Every now and then, a debt consolidation agency or salesperson may come around and offer a borrower the opportunity to discharge his car loans with a bonded promissory note. This might seem like a tempting option, but bonded promissory notes are often the instrument of scams and fraud. Understanding the difference between a legitimate debt arrangement, such as a promissory note, and a potential scam is important to avoiding this kind of fraud.
Using Promissory Notes
A promissory note is a debt agreement between a borrower and a lender that constitutes the legal obligation of the borrower to pay back his loan. There are multiple configurations and payment plans associated with a promissory note, but they are generally long-term debts, sometimes secured against property, that must be paid back in regular installments with interest. In theory, a promissory note could be used to pay another debt -- federal reserve notes are actually promissory notes -- but few creditors accept them as legal tender in lieu of cash.
Bonded Promissory Note
A contract or debt is bonded if it is secured by a indemnity bond purchased by the borrower. An indemnity bond is a type of insurance policy that covers the losses of the creditor in the event that the borrower fails to make good on his obligation. Indemnity bonds are offered by a surety, or a third party that agrees to make good on the contract or note in the borrower's behalf.
Bonded Promissory Notes in Scams
Borrowers should be highly wary of anyone offering them the opportunity to discharge their car loans or any other debts with a bonded promissory note. In the past, scammers have been able to use these instruments to defraud borrowers and creditors, due to the difficulty in verifying a bond. Creditors usually do not accept bonded promissory notes as payment for a car loan, as they must be able to collect cash to fulfill the borrower's obligations. Many bonded promissory notes are not only unsecured by a bond, they're often not even legally valid documents. Those using them to try to discharge a debt can, in some cases, face criminal penalties.

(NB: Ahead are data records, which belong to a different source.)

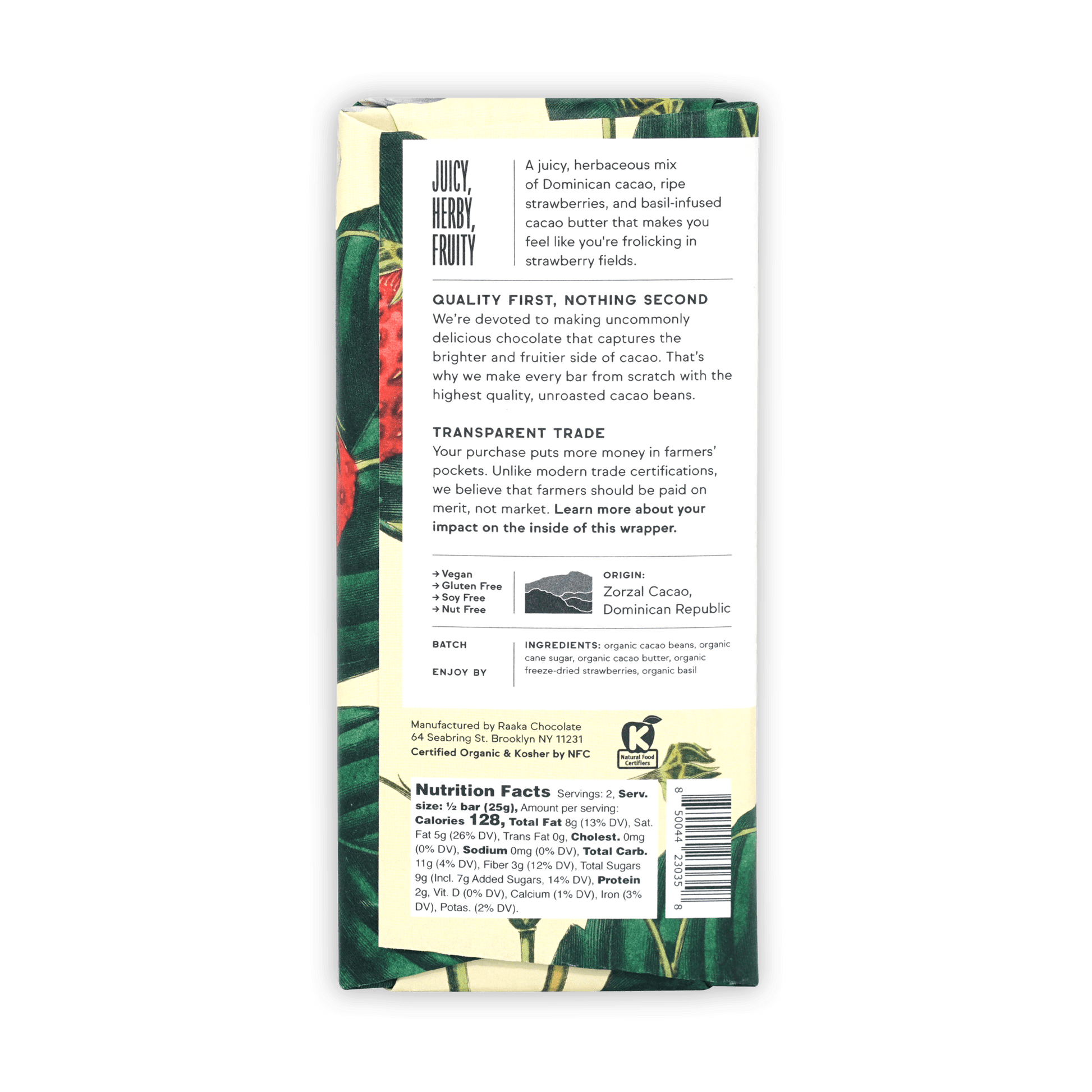 Ingredients: organic cacao beans, organic cane sugar, organic cacao butter, organic freeze-dried strawberries, organic basil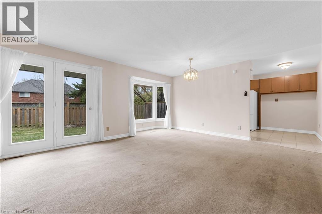 End-unit townhouse condo in a family-friendly Ancaster neighbourhood where convenience really stands out. With over 2,000 square feet of finished living space, this is one of the larger layouts in the complex, with extra windows, more natural light, and a bit more space than your typical interior unit. The main floor offers a bright, comfortable living and dining area with a fireplace, bay windows, and a walkout to a backyard surrounded by mature trees—great for kids, pets, or just having some quiet outdoor space. The layout works well as-is, with the option to update over time if you want to put your own touch on it. Upstairs you’ve got three good-sized bedrooms, including a primary with a walk-in closet and a full ensuite with a jetted tub and separate shower, plus a second full bathroom and the added bonus of upstairs laundry. The finished basement gives you that extra space everyone ends up needing—rec room, playroom, home office, or a bit of everything—along with storage and a large utility area. Attached 2-car garage plus a double driveway gives you parking for four. Brand new furnace (2025), A/C (2021), and hot water tank are all owned. Well maintained, clean, and vacant, so it’s an easy move for the next owner. Location-wise, it’s hard to beat—park across the street, schools nearby, quick access to the 403, and all the shopping and everyday stuff along Wilson just a couple minutes away. Don’t sleep on this one! (id:64974)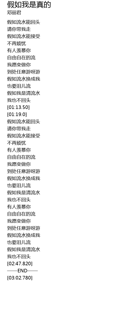 | [01:20.800] | jiǎ rú liú shuǐ néng huí tóu |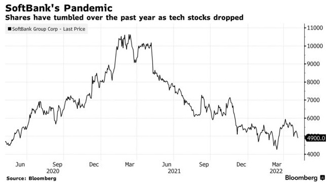 孙正义建立愿景基金,目的是为了挑选出具有前景的初创公司,包括押注中国电商巨头阿里巴巴(BABA.US)这一有史以来最成功的风投交易之一。但即便是这笔如此成功的交易,在如今的市场环境下也失去了光彩。与2020年10月的高点相比,阿里巴巴目前市值已经蒸发了超过70%。
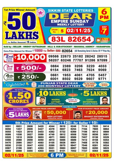 Here is the official result of the Nagaland State Lottery Sambad Dear Empire Sunday at 6 pm on November 2, 2025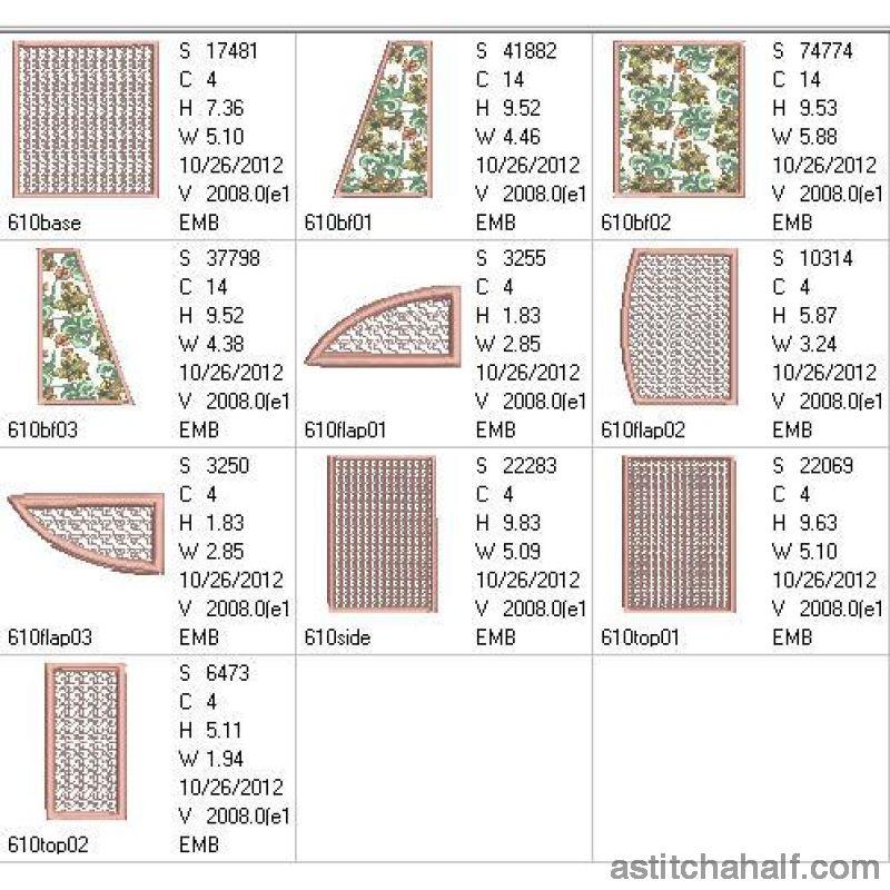 You receive all files for the 6*10 Hoop to complete a Tote Bag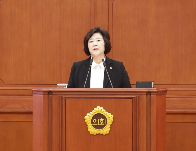 5분 발언에 나선 안경자 의원은 대전의 농업인들이 급격한 도시화와 기후 변화 속에서도 지역 먹거리 공급과 농촌 경관 보전 등 근교 농촌의 역할을 충실히 수행해 왔음에도 불구하고, 도시근로자와 농업인의 연소득 격차가 3,450만 원에 이를 정도로 그 가치가 제대로 평가받지 못하고 있다고 지적했다.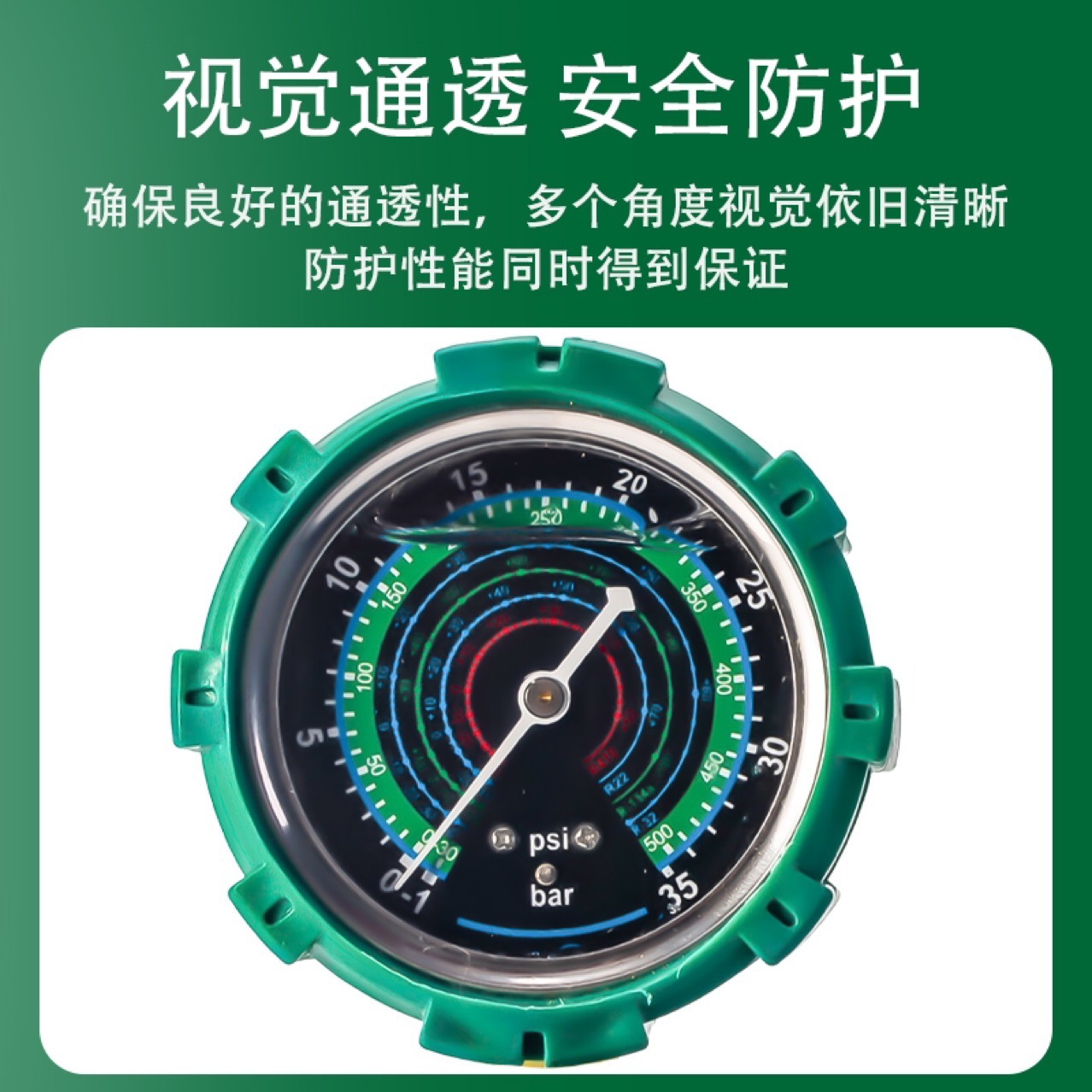- Основные характеристики и производительность: Equipped with clear dual pressure gauges (psi/bar) for precise refrigerant readings and a built-in sight glass to monitor refrigerant flow during charging or evacuation.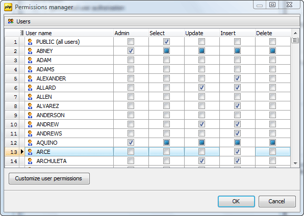 On using this kind of authorization, all users and their permissions are stored in generated .php files, so it is necessary to re-generate the application to modify this data. Use the checkboxes at the Permissions tab to grant/revoke the corresponding application-level permissions to users specified at the Hard-coded authorization window. To grant or revoke page-level permissions, use the Customize page level permission... button.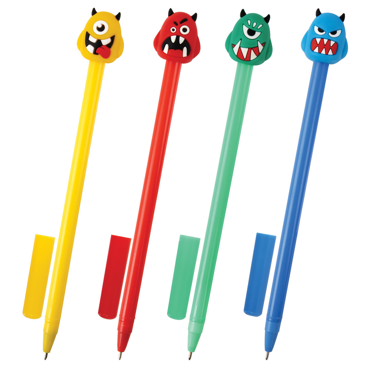 Шариковая ручка масляная ЮНЛАНДИЯ "Монстрик" с милой игрушкой на корпусе.
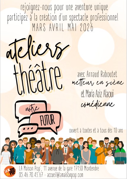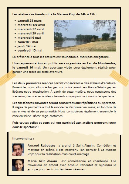 Les deux premières séances seront consacrées à des ateliers d’écriture. Ensemble, nous allons échanger sur notre avenir en Haute-Saintonge, en libérant notre imagination. À partir de cette matière, nous esquissons des scénarios, des scènes ou des interventions qui pourront nourrir le spectacle. Les six séances suivantes seront consacrées aux répétitions du spectacle. Il s’agira de permettre à tout le monde de s’exprimer en scène, en fonction de ses envies et de sa personnalité. Nous construirons également ensemble la mise en scène : décor, régie, costumes… Puis toutes celles et ceux qui ont participé aux ateliers pourront jouer dans le spectacle !

Discharging Car Loans in Bankruptcy
In most cases, full payment in cash is the only viable way to discharge a car note. In some cases, the borrower is released from a car loan through the process of bankruptcy, though these situations usually require the borrower to surrender the vehicle. This is because the car loan is usually secured against the vehicle as an asset, giving the lender the right of repossession in the case of default. In Chapter 13 bankruptcy, loan discharges are generally associated with a court-ordered debt payment plan.